Collected data >>
- Opening Delimiter -

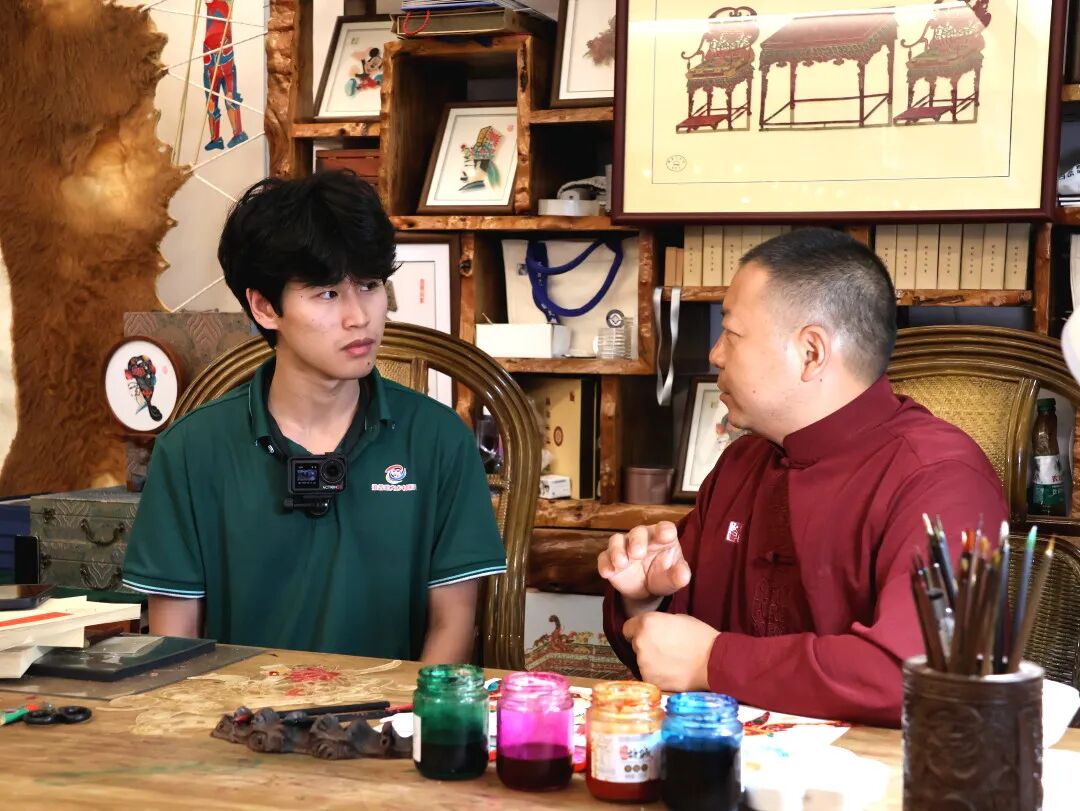 在环州故城,团队聚焦国家级非物质文化遗产“环县皮影”,走进博物馆深入了解其历史、造型与工艺,在非遗传承人指导下亲自体验雕刻、染色与表演。通过访谈的形式,引导传承人用普通话讲述从艺与传承故事,为这项古老艺术注入新的语言活力。
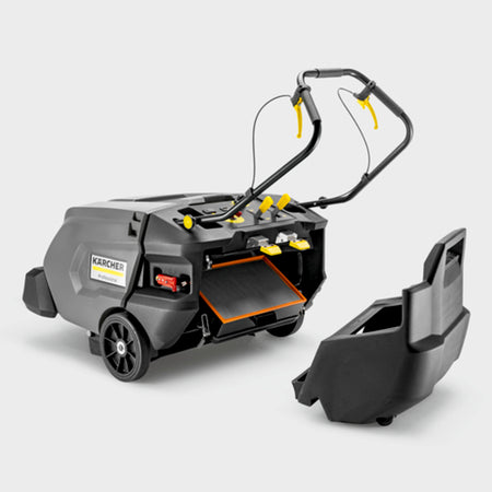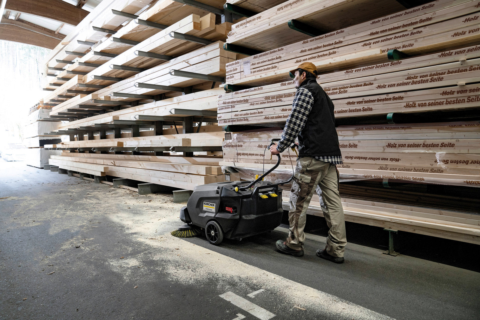 Die kompakt designte Industrie-Nachläufer-Kehrsaugmaschine KM 85/50 W Bp Pack überzeugt mit hervorragender Ausstattung ab Werk. So wird die Maschine beispielsweise serienmäßig mit Scheibenbremse, Batterie und zugehörigem Ladegerät geliefert. Der große Flachfaltenfilter mit höchst effektiver Abreinigung mittels Dual-Abstreifer erlaubt nahezu staubfreies Arbeiten, während die pendelnd gelagerte Kehrwalze auch bei ungünstigen Bodenverhältnissen und großen Schmutzmengen ausgezeichnete Reinigungsergebnisse ermöglicht. Überhaupt profitieren Anwender von dem sehr komfortablen und intuitiven Bedienkonzept mit Vorwärts- und Rückwärtsantrieb durch simples Drücken oder Ziehen des Schubbügels sowie sinnvollen Details wie der Kärcher Home-Base zur Mitnahme weiterer Reinigungsutensilien. Die robuste Maschine mit ausweichendem Seitenbesen und doppelwandigen Rahmen eignet sich hervorragend für harte Einsätze. Auch der einfache, werkzeuglose Wechsel von Hauptkehrwalze und Filter sowie die hohe Flächenleistung von bis zu 4725 m²/h (mit optionalen, linken Seitenbesen) erfüllen die hohen Anforderungen im industriellen Umfeld.
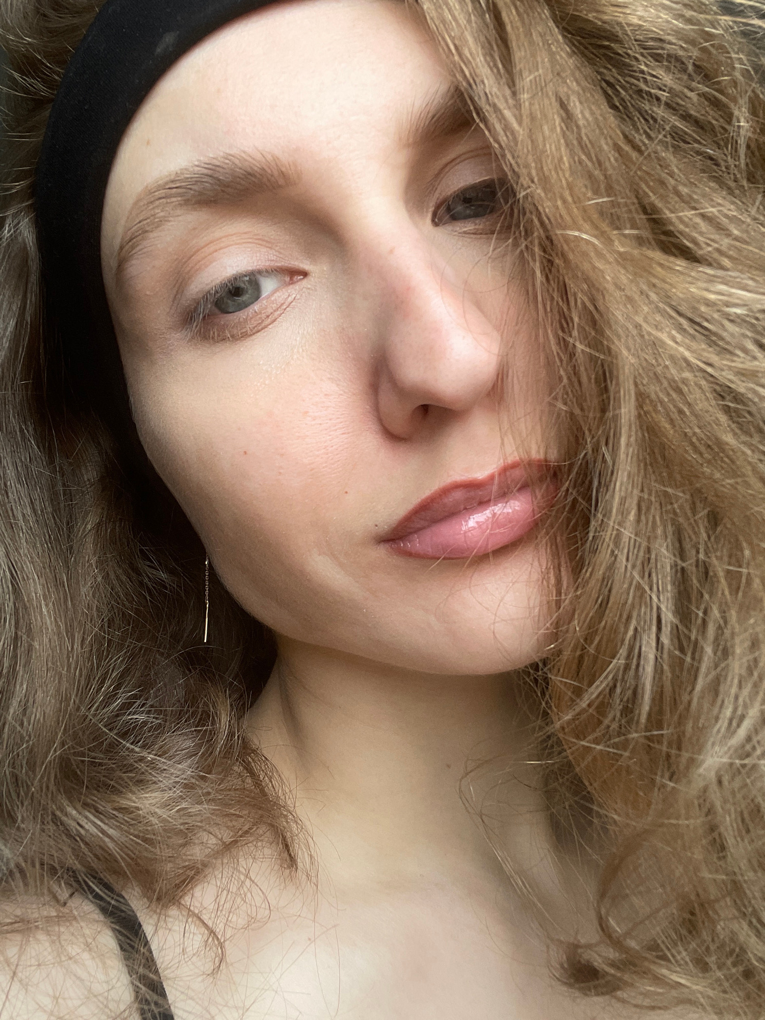 This close-up image, set in Podshivalovo, Russia, shows a person lying down, their head tilted or viewed from a unique angle, with significant portions of their face framed by their hair. The primary…read more
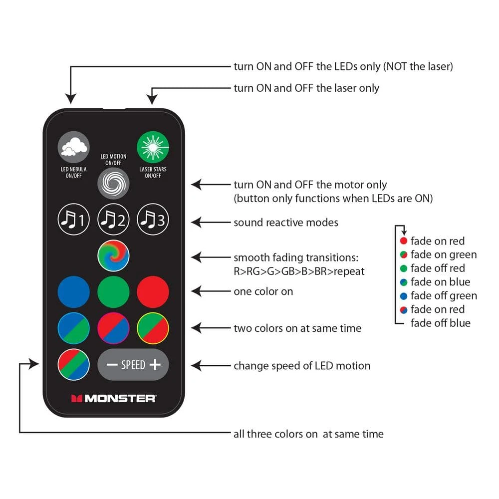 - Use the LED effects to the lasers, colors, sound and motion speed settings to best reflect what you want
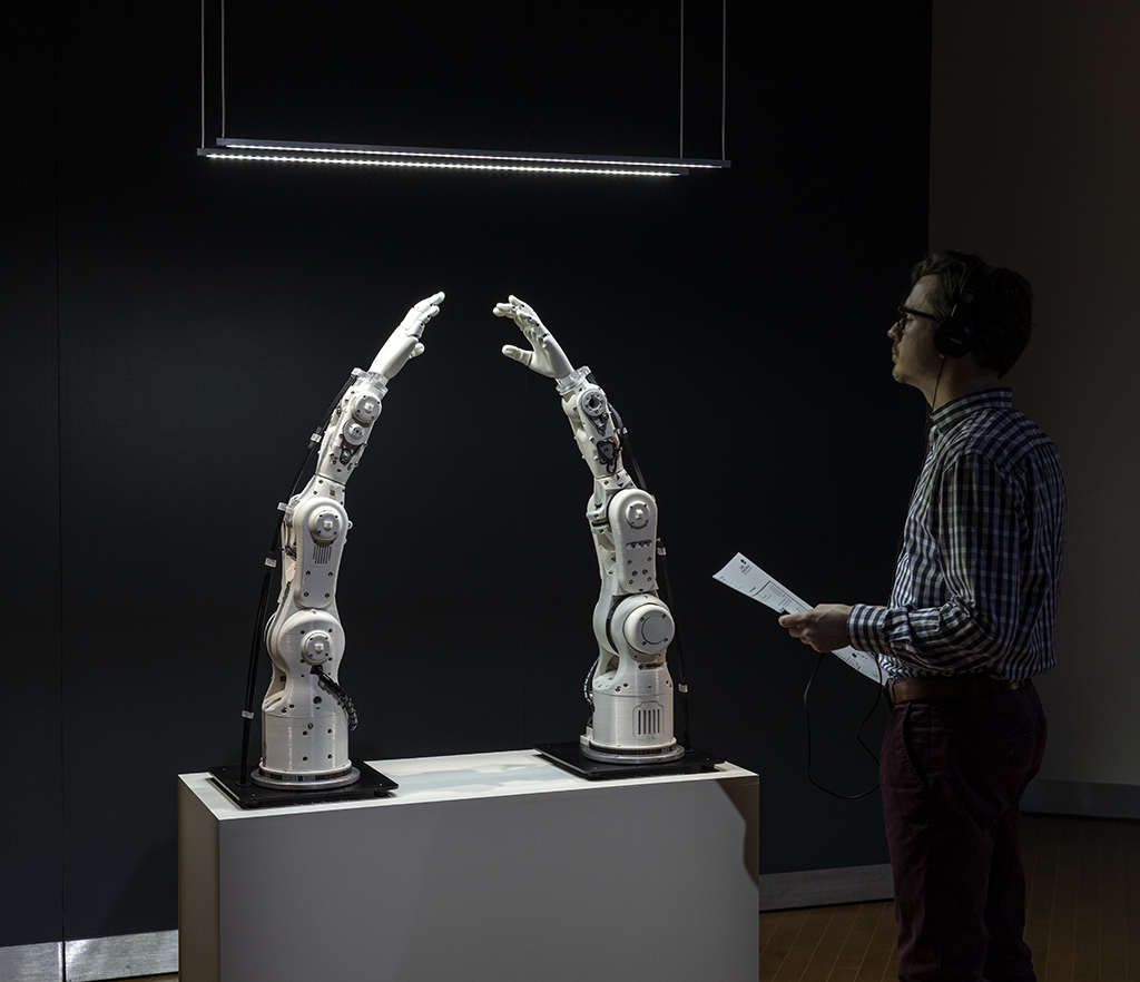 Les autres travaux de cet artiste sont sur le même mode. Il s’agit de pièces animées qui témoignent de mesure, de mouvement dont on ne perçoit pas qu’ils aient une fonction utilitariste ferme, affichée. Plus souvent qu’autrement, ils ne jaugent ni n’accomplissent rien de fondamental ou d’important. Deux bras mécaniques, par exemple, dressés à la vertical, rapprochent leur mains articulées avec lenteur, jusqu’à ce que l’espace qui les séparent se réduise à peu de chose.
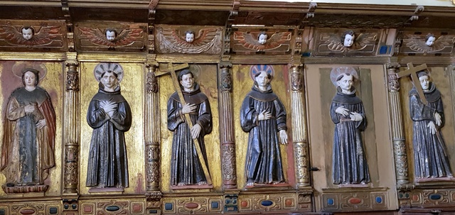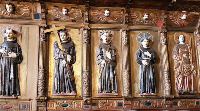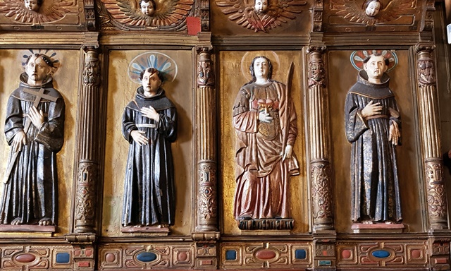 Tour du monde – Quito – l’Église Saint François d’Assisejeudi, 16 novembre 2017 la porte d’entrée (une d’elles) le patio l’église ne peut être vue que de la mezzanine car il y a un office les stalles des saints sont d’un réalisme particulier le musée des peintures sur marbre montrant la vie de la Vierge Marie
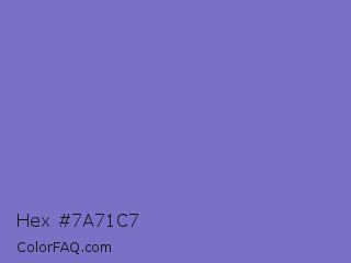 Hex #7a71c7 Color is a light indigo color and the nearest color is Toolbox #746cc0. Hex code #7a71c7 and RGB value is rgb(122,113,199). In RGB color space, this color is composed of 48% red, 44% green, 78% blue, In CMYK color space, this color is composed of 39% cyan, 43% magenta, 0% yellow , 22% black , In HSL color space, this color has a hue angle of 246° , 43% saturation and 61% lightness.
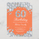 60th Birthday Invitation. Coral and Silver Rhinestone Diamond. Elegant Birthday Bash invite. Adult Birthday. Women Birthday. Men Birthday. For further customisation, please click the "Customise it" button and use our design tool to modify this template.
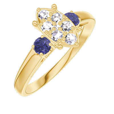 « L'ATELIER » Nº211361Bague Or jaune 18 carats - Cluster de diamants naturels Marquise équivalent 1 - Pierres de côté Saphir bleu
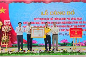 Ngày 28/6/2025, tại Đồng Tháp diễn ra Lễ công bố quyết định của Thủ tướng Chính phủ công nhận huyện Hồng Ngự đạt chuẩn nông thôn mới năm 2024 và Quyết định của Ban Thường vụ Tỉnh ủy tặng cờ cho Đảng bộ huyện Hồng Ngự đạt thành tích hoàn thành xuất sắc nhiệm vụ nhiệm kỳ 2020 - 2025.
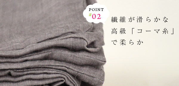 繊維が滑らかな高級『コーマ糸』で柔らか!更に、本品の糸は『コーマ糸(こーまし)』というとても上質な糸を使用することで、柔らかさをアップさせています。 コーマ糸とは、糸を均一にするために短い糸を除去する『コーマ工程(コーミング)』を行った糸のことです。 毛羽立ちの原因が取り除かれ、繊維にムラが無くなり、滑らかで柔らな風合いになります。 他にも、『強度や光沢感』などが増します。

- Closing Delimiter -

What is expected >>
Above are the records; return the lines in them from the one with "This close-up image, set" to the one with "- Use the LED", inclusive, exactly and without images.

Response to this task >>
 This close-up image, set in Podshivalovo, Russia, shows a person lying down, their head tilted or viewed from a unique angle, with significant portions of their face framed by their hair. The primary…read more
 - Use the LED effects to the lasers, colors, sound and motion speed settings to best reflect what you want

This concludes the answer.